Championing  Women 

In the old patriarchal local culture, women are second-class citizens. Though they carry most of the burden of family farms, household chores and raising children, the men control the money made from selling their meagre crops. Typically husbands garnish the earnings of the odd women who do manage to make money outside the house. Sometimes they order women not to work out of fear of them gaining independence and disobeying them.

“There is a great need to gradually change these beliefs,” says Debora, our Women & Youth Organizer, “for men and woman to the see the benefits of a woman working and supporting her family.” The project is helping its 56 fulltime and 83 seasonal women workers to set up a Savings & Loan Cooperative and to launch micro-enterprises. These woman are setting an example to the rest of the villages. Women wearing trousers first met resistance but is becoming accepted! 

Advances vs.
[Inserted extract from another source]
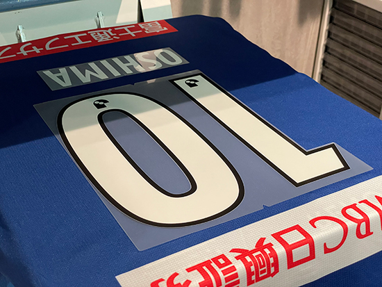 | 加工イメージ | 2021リミテッドユニフォームの背中に圧着加工を実施いたします。

Baseline Household Economics 

In 2020/21, we did comprehensive surveys of 30% of the households in the first two project villages, Uluti and Mhanga, population 1,876, to establish a baseline from which to measure the project’s impact on their livelihoods and standard of living.  

In 2024, we surveyed 44% of the same group, 61 households, 13% of the total 447 households in the villages and found:

  • 87% leased land to the project
  • 46% worked seasonally for the project
  • 67% rise in annual household income from 360,000 to 601,884 Tanzania shillings (50% rise measured in $ given depreciation of the shilling, from $156 to $234)
  • 51% rise in farm implements
  • 39% rise in radios
  • 24% rise in mobile phones
  • 19% rise in solar panels

As two new two villages enter the project, in 2025 we will survey Idunda, 343 households, and Kidete, 432 households.  

To chart their climb out of extreme poverty, we will measure all four villages annually through 2051. 

In a remote area where many families live on $13 per month, and cash employment is nearly non-existent, UCL has created 168 full-time jobs, and over 1,000 six-month seasonal jobs, covering housing, meals and medical for all, as well as over 30,000/year single task jobs. UCL pays better wages than the large commercial timber plantations in the region. 

A man built a new house over two years by selling seeds to the project.